You can definitely use this kind of data to test the hypothesis that a positive correlation exists, but you need to perform a statistical analysis that uses all the data points and not the means directly. Here are some options I can think of:
On the face of it, one might think that a linear regression should suffice:
myLinearModel <- lm(fold_change ~ motif_count, data = df)
# Coefficients ... etc.
# F-stat: , p-value: 0.0001 [sweet!]
However, since you know you have some groups with a small number of samples (e.g., only one with 24 occurrences of the motif), the burden is going to fall on you to prove that none of the points have a disproportionate influence on the regression coefficient(s). So, you would additionally have to do some leverage or influence analysis on your resulting model. For example, checking that you don't have any high Cook's distances:
# wait...how do I interpret these again? something about 3...
Even if that works out, there's two potentially problematic issues:
- the assumption of continuity, when we really have discrete counts - maybe not so big a deal though; and
- the assumption of linearity, when we probably doubt that adding 5 motifs to a sequence already containing 20 will have the same effect as adding 5 to a one with only 2.
It might be more useful to bin the motif counts into levels, like "low", "medium", and "high", and do something similar with the fold change ("down", "neutral", "up"). You could then use
chisq.test to test for independence (null hypothesis).

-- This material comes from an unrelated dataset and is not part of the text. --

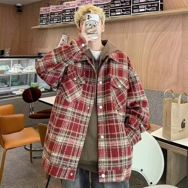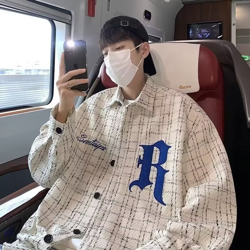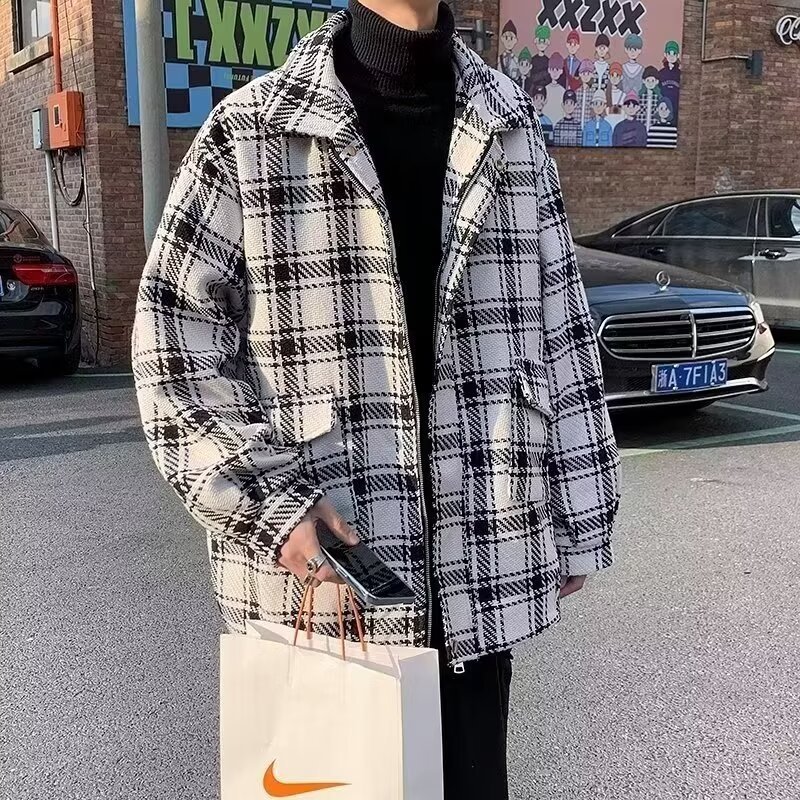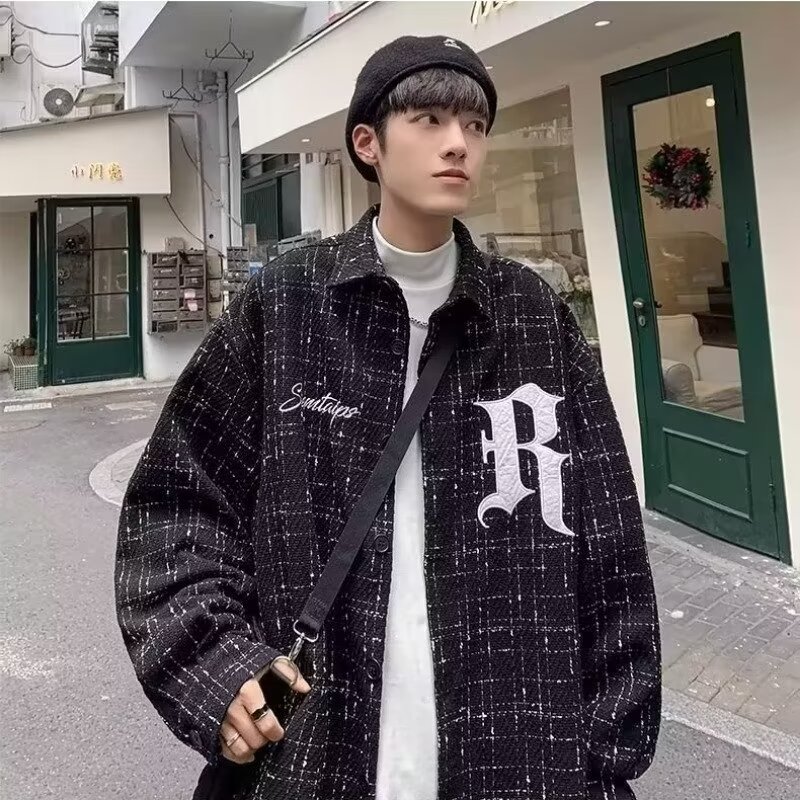2024春秋格子カジュアルゆるいジャケットかっこいいファッションゆるい襟付きメンズ学生ジャケット男性

If you had some idea for how to split this prior to looking at the data, that would be ideal - but you've already peaked at the data, which means you need to be careful about making biased choices in your analysis. Hand-picking bins at this point could be construed as cherry-picking your statistical test.
Another option is to do an ordinal ANOVA, such as provided by the
ordAOV method in the
ordPens package. In this approach, you won't make any assumption about the scale of effect size difference between your different motif count groups, and you'll also control for the variance within each group. To do this, you instead would use a motif count rank, in place of the motif count itself. Here's what the test would look like in R:
rankedMC <- factor(df$motif_count, ordered = TRUE)
levels(rankedMC) <- seq_along(levels(rankedMC))
rankedMC <- as.numeric(rankedMC)
# Test stat = ..., p-value = 0.0005
Another nice thing here is that the test is based on simulations from the empirical distribution, so you don't have pesky parameters or distribution assumptions to fret over.